Сергей Иванович был весел; Борис, как всегда, строг. Он стоял рядом с беременной женой, держал ее под руку и почти не вступал в разговор, который велся Сергеем Ивановичем. Ася смотрела на сыновей и вытирала платком глаза, красные не столько от слез, как от бессонницы, в последние дни мучившей ее. Мальчики бегали вокруг чемодана и свертков, они были возбуждены оттого, что уезжали с дедом в деревню, шалили, и Ася покрикивала на них.
— Да оставьте вы их в покое, пусть поиграют, они же дети, им надо двигаться, — говорил ей Сергей Иванович тем покровительственным тоном, каким любят сказать иногда люди о деле, не имеющем к ним отношения. — А ну сюда, а ну сюда, — говорил он мальчикам, присаживаясь на корточки и ловя их. — Но вечер, я вам скажу, вечер какой, — произносил он, оглядываясь на заходившее (за стрелками, путями, зелеными вагонами в тупиках и зданиями за ними) солнце.

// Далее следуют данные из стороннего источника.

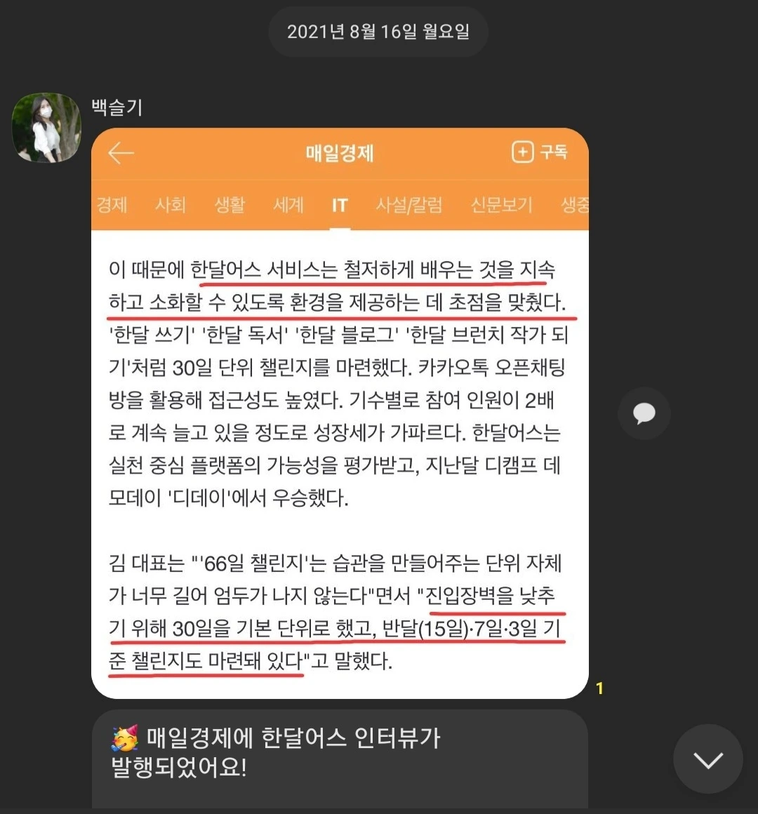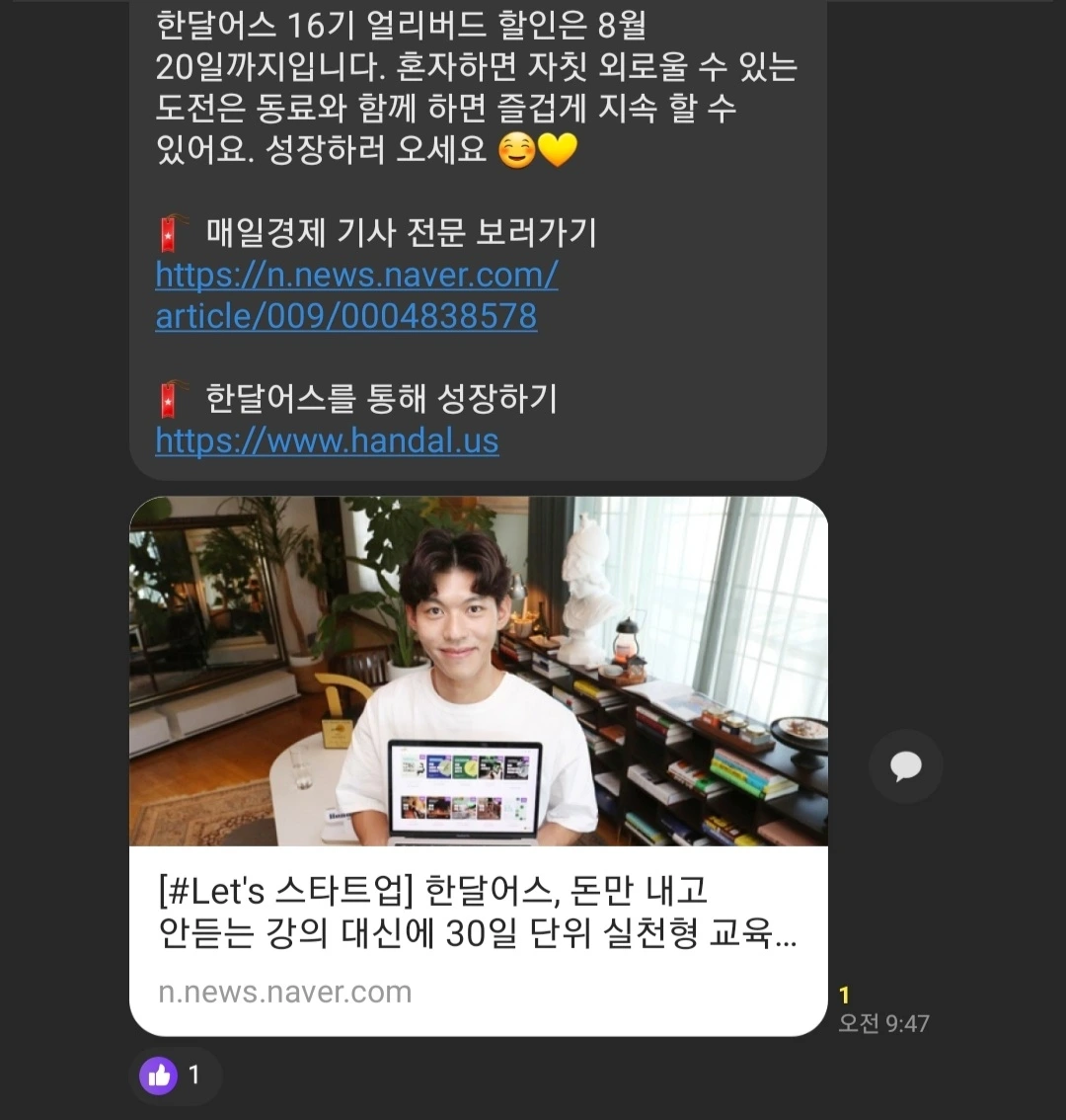 그렇게 좋은 경험을 하고 나서는 한달어스를 어느 곳에 가서도 당당히 추천할 수 있게 됐다.
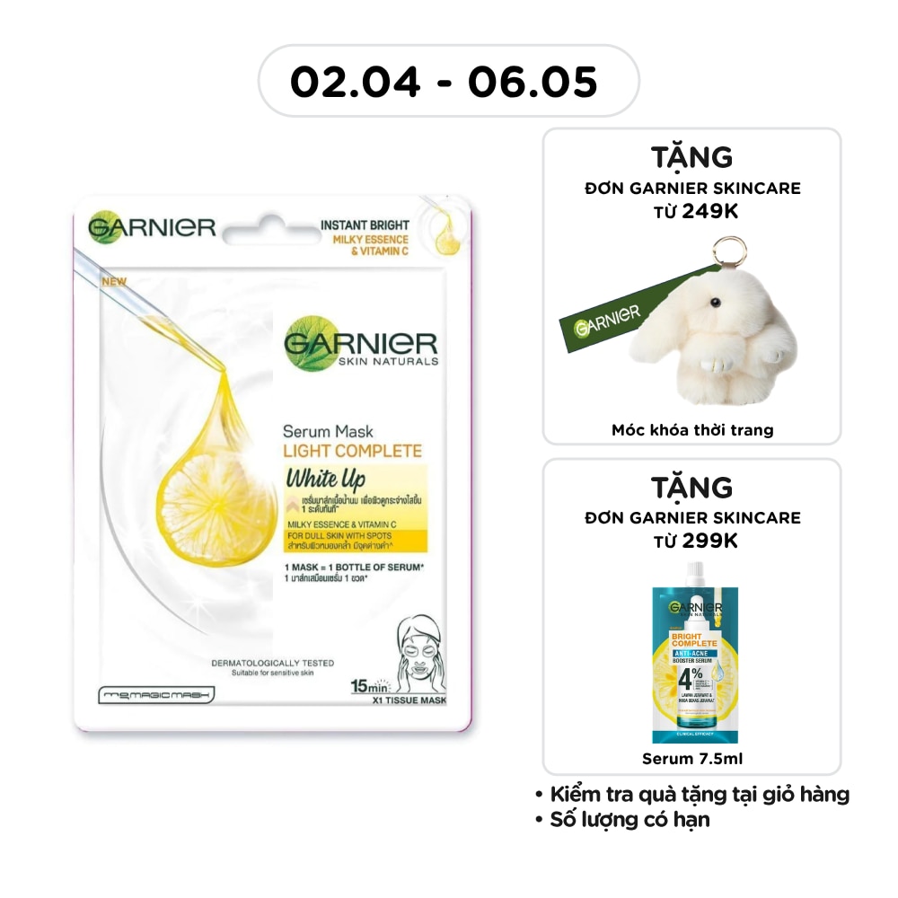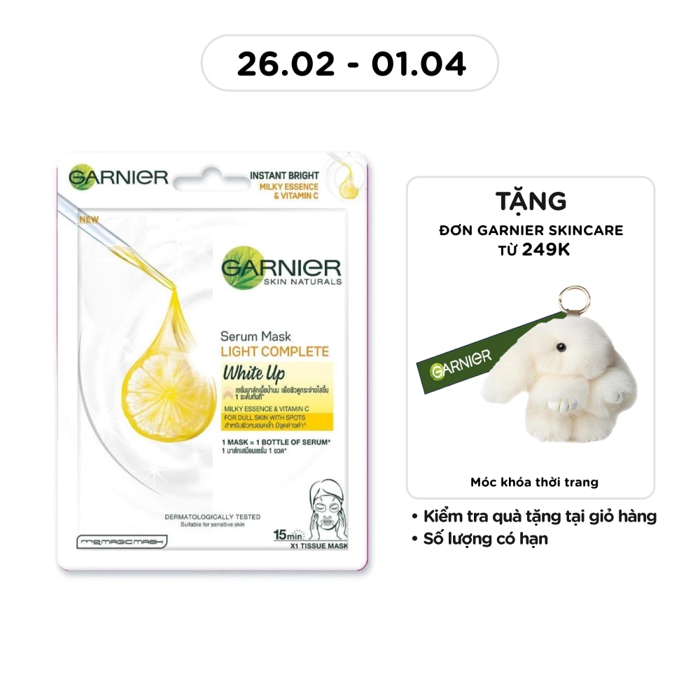- Garnier Serum Mask Light Complete White Up Milky Essence & Vitamin C 28g helps gently exfoliate dull skin cells and dark spots.

С утра в этот день шел дождь, но потом прояснилось, и солнце заходило в чистом, посвежевшем будто от дождя небе. Чистота заката, казалось, распространялась на все вокруг, и в прозрачном вечернем воздухе отчетливо видны были контуры и ближних и дальних домов. Когда Сергей Иванович, щурясь и прикрываясь ладонью от солнца, поворачивал голову вправо, он видел высотное здание гостиницы «Ленинградская», огромную, как вал, насыпь железнодорожного полотна и виадук, под который словно ныряли машины, трамваи, люди; из всех районов Москвы район Каланчевки и Комсомольской площади (ее еще называют площадью трех вокзалов) менее всего был знаком ему, и он с удивлением разглядывал эту открывшуюся ему новую красоту столицы.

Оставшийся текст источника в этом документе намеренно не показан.